• [About this task] From the line that has "From there I" down to the last line of the data below, set down every line exactly, but none of the pictures.

*** Opening Task material ***

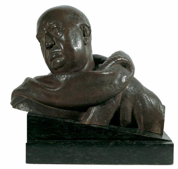 Busto in bronzo di dimensioni metà del naturale di Arrigo Minerbi, raffigurante l'apostolo Simone con le spalle avvolte nel mantello, su base in marmo verde.
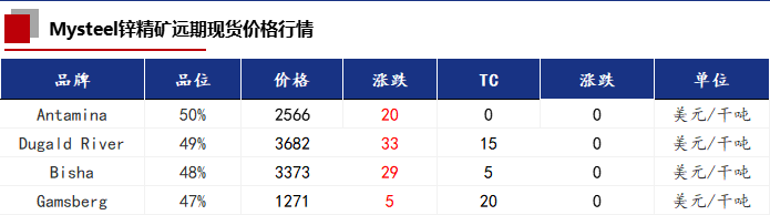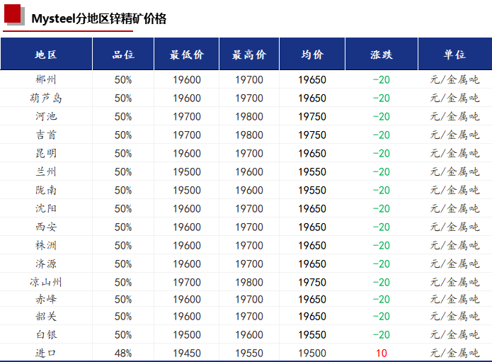 今日国内锌精矿加工费各地区均未调整,和上一交易日持平。受锌价的影响,锌精矿价格下降20元/金属吨。进口TC今日暂无变化,主流报价0-20美元/干吨。
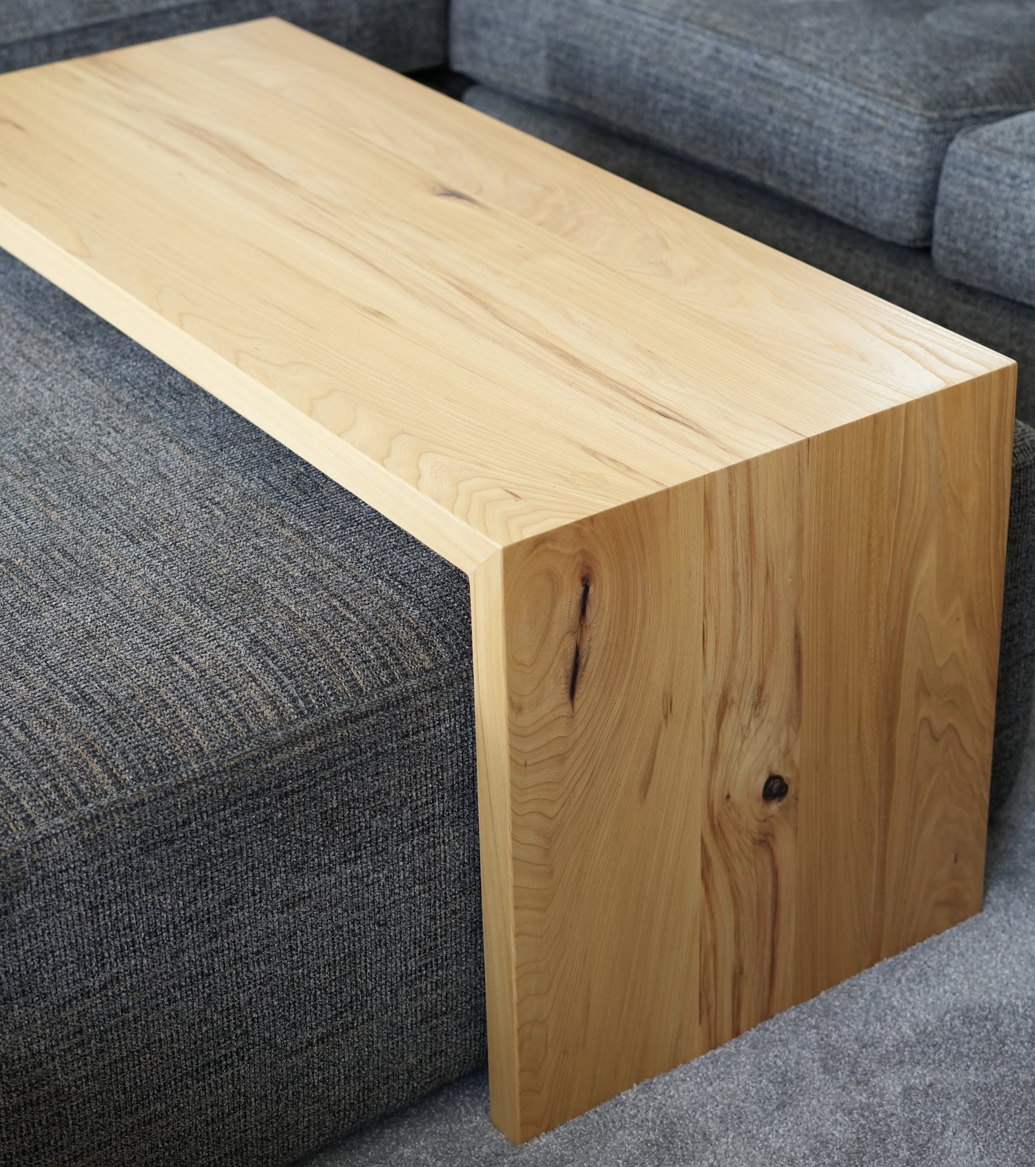 Custom-sized over-ottoman hickory coffee table
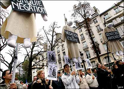 در حالی که نمايندگان مجمع ملی فرانسه طرح غيرقانونی کردن انکار "قتل عام" ارامنه را بررسی می کردند، جمعی از ارامنه ساکن فرانسه در حمايت از اين طرح دست به تظاهرات زدند.
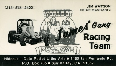From there I was hooked on racing, on cars, and on metal fabrication and began working as a mechanic on a couple of local teams. One day I was approached by this young, fast driver, Lee James and his father in-law who were looking to put together a team to sweep the World of Outlaws. They hired me: Lee James, Driver and James Watson, Chief Mechanic, became the James’ Gang Racing Team.
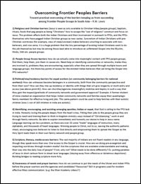 In Frontier People Groups, pioneer workers are generally limited to starting with non-believers. 60% of Unreached People Groups are still Frontier People Groups. In the other 40% of Unreached Groups it is often possible to partner with same-culture believers.

*** Closing Task material ***

• [Response to this task]
From there I was hooked on racing, on cars, and on metal fabrication and began working as a mechanic on a couple of local teams. One day I was approached by this young, fast driver, Lee James and his father in-law who were looking to put together a team to sweep the World of Outlaws. They hired me: Lee James, Driver and James Watson, Chief Mechanic, became the James’ Gang Racing Team.
 In Frontier People Groups, pioneer workers are generally limited to starting with non-believers. 60% of Unreached People Groups are still Frontier People Groups. In the other 40% of Unreached Groups it is often possible to partner with same-culture believers.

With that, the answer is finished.